SOSTEGNO135 famiglie hanno usufruito degli aiuti economici offerti dalle diocesi dell'Umbria. Il fondo è di 1 milione 317 mila euro
• 12 ottobre 2009 15:47
Sono state 135 le famiglie che, dal luglio scorso, hanno potuto usufruire degli aiuti messi a disposizione dalle diocesi dell'Umbria con il fondo anticrisi: lo ha reso noto il presidente del consiglio di gestione del fondo stesso, monsignor Riccardo Fontana, che ne ha coordinato la riunione di venerdì scorso per l'ultima volta, essendo stato nominato nel frattempo vescovo di Arezzo.

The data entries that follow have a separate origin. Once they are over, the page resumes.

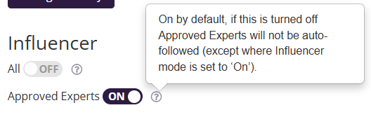 Toggle on/off Approved Experts as an ‘Influencer’,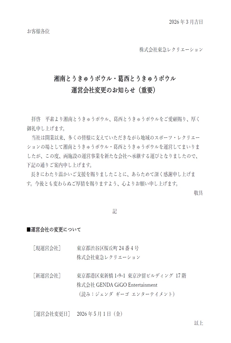 【運営会社変更のお知らせ】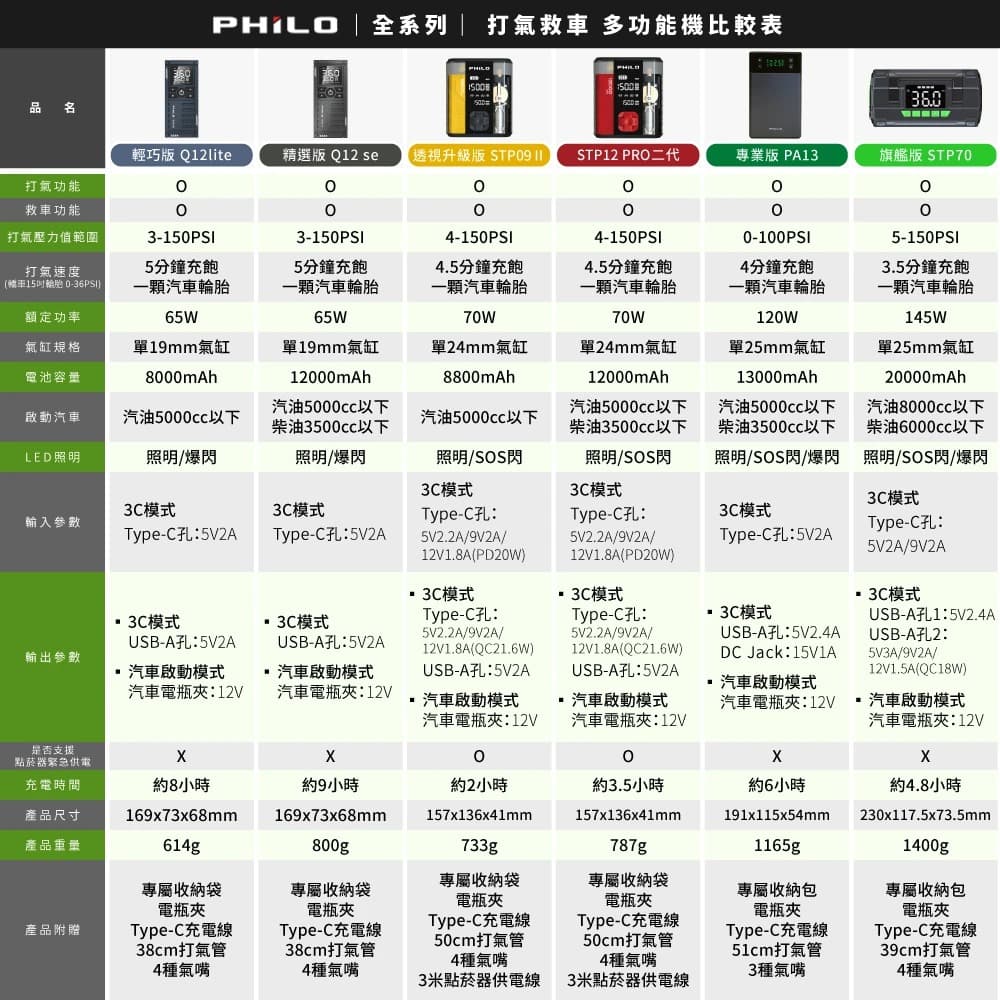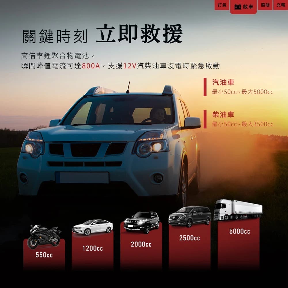 ◆ 5分鐘一條輪胎,皮卡、休旅都能直接落地打氣 ◆ 4 IN 1 救車x打氣x照明x充電,多種功能一機滿足 ◆ 12000mAh超大電容量,搭載4片電芯,超強啟動性能,12V汽柴油車救援2秒啟動 ◆ 高倍率鋰聚合物電池,瞬間峰值電流800A ◆ 支援5000cc以下汽油車、3500cc以下柴油車緊急啟動,重機、轎車、SUV、小貨車都能救援 ◆ 24mm超大缸體,一條15吋輪胎從0到36PSI只需5分鐘 ◆ 五種預設模式,汽車/機車/腳踏車/籃球,最高可設置150PSI ◆ 精準控壓,打飽後自動切斷輸出,不過度加壓好安心 ◆ 高精密感測晶片,接上輪胎自動測壓 ◆ 超大螢幕,當前氣壓值/目標氣壓值,雙數值顯示 ◆ 12000mAh鋰電池,無線打氣最方便 ◆ 附贈3米點菸頭供電線,沒電時可直接插點菸孔,透過汽車電瓶緊急為機器供電 ◆ 充氣口防燙設計,避免燙傷事件發生,使用更安全 ◆ 獨特環境燈設計,可直接放置於空間中點亮環境 ◆ 2種燈光切換,照明/SOS閃 ◆ 擁有Type-C / USB雙輸出孔,日常可當行動電源幫手機、平板充電 ◆ Type-C孔最高支援QC21.6W快充,Type-C孔亦是輸入孔,最高支援PD20W ◆ 機器沒電時只需充30-40分鐘,電量即可用於啟動汽車 ◆ 輕量體積,附贈專屬收納包,好拿好放好收納 ◆ 按扣式金屬接頭,無須擰螺絲快速打氣 ◆ 附贈多款氣嘴,適合各種充氣用品 ◆ 享原廠1年保固

Soddisfatto per i risultati conseguiti sinora, l'ex presule spoletino - riferisce un comunicato - ha sottolineato che, nella gestione delle risorse del fondo, è stato «rigorosamente rispettato lo statuto ed il regolamento, nel rispetto dei tanti benefattori che hanno accolto l'iniziativa delle Chiese umbre nel contribuire a limitare i danni di questa crisi, i cui risvolti negativi non sono solo di natura materiale». «Il fondo - ha riferito lo stesso Fontana - ha raccolto ad oggi un milione 317 mila 121,03 euro, dei quali sono stati impegnati 309.900 e già erogati 127.450 (a 135 nuclei familiari). Il lavoro del consiglio di gestione è stato rapido e tutte le otto diocesi hanno esaminato celermente le richieste di aiuto trasmettendole allo stesso consiglio di gestione. Ciò a conferma dell'opera unitaria e sinergica svolta dalle otto Chiese sorelle fin dall'emergenza del terremoto del 1997». La somma raccolta al 9 ottobre è frutto del contributo di Fondazioni bancarie e banche (euro 756.904,00); Chiese umbre (euro 354.957,93); Aziende (100.150,00); Privati benefattori extraparrocchie (48.747,08); Parlamentari e Consiglieri regionali (35.561,02); Associazioni, Enti e Comitati (20.801,00).